Dense, hard to read at times, but this will change your view of how the world sees women, of the pros and cons of the establishment of Israel and brutality of men. Dworkin is Jewish and grew up around Holocaust survivors. She was also a survive of sexual assault. She would have first hand experience of the analogies she offers.
Now that anti-feminism and anti-Zionism are at all time high, if you are an ally (feminist or Jewish or both) please read this book. It's still 100% relevent.

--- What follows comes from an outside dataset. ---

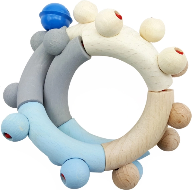 Magas minőségű fa csörgő, ideális a képzelőerő serkentésére és a gyermek finom motorikus készségeinek fejlesztésére. A csörgő szemet gyönyörködtet pasztell színeivel, és etikus módon, környezetbarát erdőkből származik.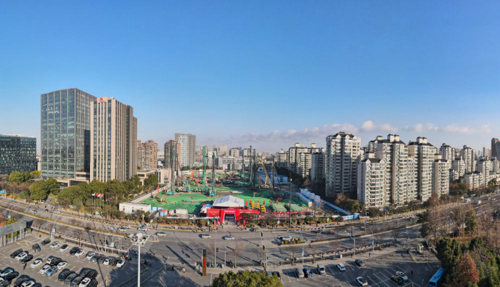 2025年1月9日,上海静安区2025年第一批重大项目集中开工仪式在灵石社区(自仪厂地块)项目现场举行(无人机照片)。新华社记者 方喆 摄

One of the most difficult books I have read. Not due to its use of complex words but due to its harsh, truthful and honest depiction of tragedies that highlight the complete disregard of humanity toward women and the Jewish people throughout history. I learnt a lot by exploring this book and it has certainly left a mark. A dark tone indeed but it also allows the reader to focus on the light that the World needs to show the way out of this evil.
Wow! This is a must read. Meticulously and thoroughly researched to an almost unbelievable degree. Her well developed arguments come through loud and clear thank to her blunt matter-of-fact approach.
The research I did in preparation of this read definitely led me to believe that she was a Zionist. However anyone who holds this belief after reading has definitely missed the point because I did not get that impression at all. Quite the opposite actually. Sure there could have been a little more contextualization on the side of the Palestinians before the holocaust, but I feel the Jewish contextualization is much more relevant to her overall message.
My greatest takeaway from this book is that in times of unrest and political violence, women will always be targeted first and receive the worst treatment. A concept I never considered due to ‘women and children first mentality’. I could honestly go on for a while typing the great takeaways this book delivered (there are at least 50 post it notes sticking out from my copy) but I digress.
I have been looking for literature that would address (admittedly) a very niche topic of how to be a Jewish woman (or rather how to Jew while being a woman). This work, broken into chapters, sets to showcase Jewish women’s experiences against a backdrop of Jewish history, from pogroms and physical violence to Zionism and feminism in modern Israel. I laud the idea but the writing seems disparate and less coherent. While it provides interesting insights on both feminism and Judaism, to me, it failed to create a coherent narrative.
I love Andrea Dworkin's books. Her fiction and her non-fiction. In this she explores the Holocaust, the history of Israel and the treatment of women there and in other parts of the world. She's amazing.